Arrow-right Camera
The Spokesman-Review Newspaper
Spokane, Washington  Est. May 19, 1883

U.S. will keep sending emergency supplies

Matthew Lee Associated Press

WASHINGTON – The Bush administration will continue to send emergency assistance to Myanmar’s cyclone victims despite concerns the country’s military government may be confiscating the aid or diverting it away from those most in need.

Officials from the State Department and U.S. Agency for International Development said Wednesday the crisis is so severe that they are willing to risk American aid winding up in the wrong hands, or for sale, to ensure that at least some gets through. So, for the moment at least, they said supplies would keep flowing if the junta allows it.

Since last week, Myanmar has allowed only eight U.S. military flights to land in Yangon with assistance, but it has declined offers to help with the distribution of the supplies and rejected direct outside oversight of the process.
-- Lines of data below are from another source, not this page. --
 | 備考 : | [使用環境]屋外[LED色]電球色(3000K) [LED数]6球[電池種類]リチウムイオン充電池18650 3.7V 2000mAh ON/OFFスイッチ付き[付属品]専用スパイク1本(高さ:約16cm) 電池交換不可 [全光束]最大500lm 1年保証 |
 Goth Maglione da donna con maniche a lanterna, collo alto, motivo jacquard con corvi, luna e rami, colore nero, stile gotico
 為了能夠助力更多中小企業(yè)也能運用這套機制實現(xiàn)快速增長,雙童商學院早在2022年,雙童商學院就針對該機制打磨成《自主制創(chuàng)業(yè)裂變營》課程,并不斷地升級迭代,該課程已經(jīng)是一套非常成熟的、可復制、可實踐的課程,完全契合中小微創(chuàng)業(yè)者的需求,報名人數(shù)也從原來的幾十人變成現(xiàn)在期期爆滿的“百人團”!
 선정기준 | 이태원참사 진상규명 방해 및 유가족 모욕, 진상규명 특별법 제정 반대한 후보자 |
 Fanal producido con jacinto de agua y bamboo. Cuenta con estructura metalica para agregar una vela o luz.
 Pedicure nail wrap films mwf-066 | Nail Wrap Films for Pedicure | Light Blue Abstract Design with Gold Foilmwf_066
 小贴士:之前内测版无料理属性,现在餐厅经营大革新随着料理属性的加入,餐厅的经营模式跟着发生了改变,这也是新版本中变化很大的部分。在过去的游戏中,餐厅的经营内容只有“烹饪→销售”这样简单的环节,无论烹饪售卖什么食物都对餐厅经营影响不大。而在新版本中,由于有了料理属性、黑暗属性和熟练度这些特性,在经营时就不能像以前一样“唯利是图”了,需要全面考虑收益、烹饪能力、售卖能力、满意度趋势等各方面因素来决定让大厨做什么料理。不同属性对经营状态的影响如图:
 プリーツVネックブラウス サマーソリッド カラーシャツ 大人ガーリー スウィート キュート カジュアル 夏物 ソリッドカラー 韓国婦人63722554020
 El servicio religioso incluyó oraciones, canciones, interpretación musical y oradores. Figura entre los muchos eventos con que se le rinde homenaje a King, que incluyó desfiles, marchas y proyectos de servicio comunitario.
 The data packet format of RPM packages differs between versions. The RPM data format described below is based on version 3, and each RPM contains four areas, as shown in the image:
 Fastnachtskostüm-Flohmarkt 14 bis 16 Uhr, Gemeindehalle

U.S. disaster relief experts have been stuck in neighboring Thailand for more than a week awaiting permission to go in.

At the Pentagon on Wednesday, a senior military officer said Myanmar has given verbal approval for an additional five U.S. relief flights today.

There have been reports that the military has confiscated some aid, that material is showing up for sale at local markets and that authorities have substituted low quality domestically produced food for better items provided by donors.

USAID administrator Henrietta Fore and deputy State Department spokesman Tom Casey said the United States was trying to verify those reports but stressed they had anecdotal evidence from aid workers on the ground that at least small amounts of U.S. assistance is getting to victims.